**What you will do:**
What you return should be the exact lines from the one with "今月のお値引きはかなりお得な" to the end of the records below, both included, and no pictures.

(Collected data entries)

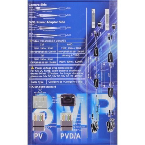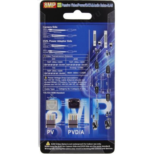 300 м (CVBS 960H), 250 м (AHD/CVI/TVI 720p), 120 м (AHD/CVI/TVI до 8 Mpx), 27 м (питание 12 В; для больших расстояний следует использовать БП с большим напряжением и приобретаемый отдельно DC/DC конвертор)
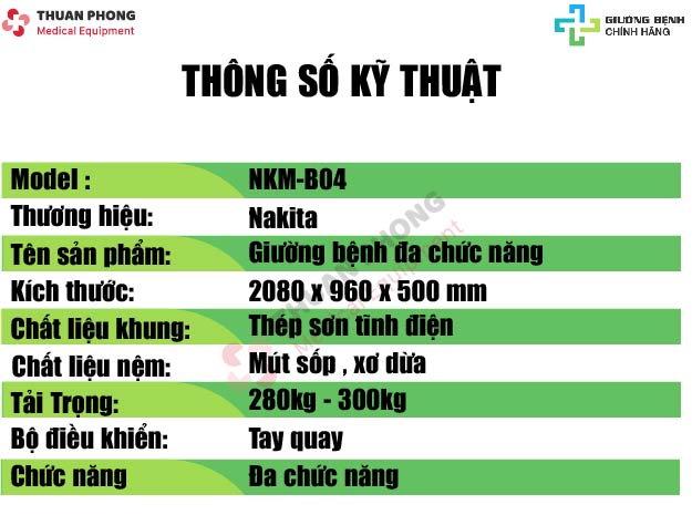 Giường bệnh nhân 4 tay quay Nakita NKM-B04
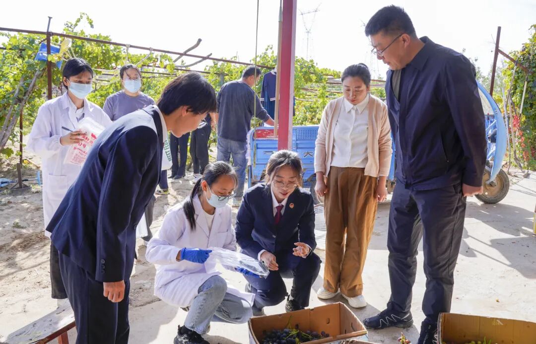 秋风送爽,瓜果飘香,正值县域内葡萄集中上市、采摘游火热的时节。针对采摘园游客可直接采摘、即时食用的特点,托克托县检察院联合县农牧局深入葡萄采摘园开展实地调研,详细了解葡萄种植、生产、销售各环节,并与相关负责人就“托县葡萄”品牌建设和地理标志培育等进行了深入交流。与此同时,检察人员还向种植户普及《农产品质量安全法》等相关法律法规,引导种植户规范生产经营行为,从源头筑牢农产品质量安全防线。
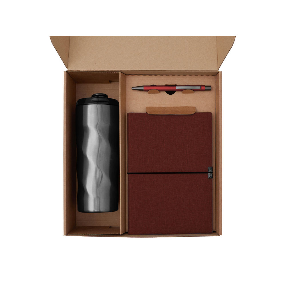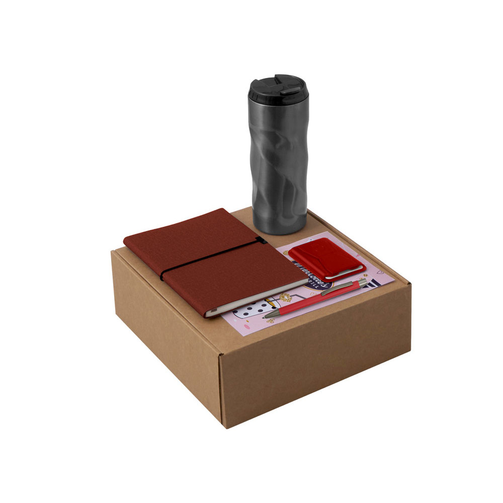- Материал товара блокнот- искусственная кожа, бумага, ручка - металл с поверхностью soft-touch, термокружка - кружка- нержавеющая сталь, крышка- пластик, картхолдер - переработанный полиуретан, открытка - бумага, коробка- картон
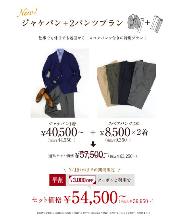 今月のお値引きはかなりお得なのでこの機会にお得にオーダースーツをご購入してみた下さい。
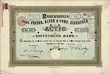 Bayer AG was founded as a dyestuffs factory in 1863 in Barmen (later part of Wuppertal), Germany, by Friedrich Bayer and his partner, Johann Friedrich Weskott, a master dyer.[10] Bayer was responsible for the commercial tasks. Fuchsine and aniline became the company's most important products.

**Task answer:**
 今月のお値引きはかなりお得なのでこの機会にお得にオーダースーツをご購入してみた下さい。
 Bayer AG was founded as a dyestuffs factory in 1863 in Barmen (later part of Wuppertal), Germany, by Friedrich Bayer and his partner, Johann Friedrich Weskott, a master dyer.[10] Bayer was responsible for the commercial tasks. Fuchsine and aniline became the company's most important products.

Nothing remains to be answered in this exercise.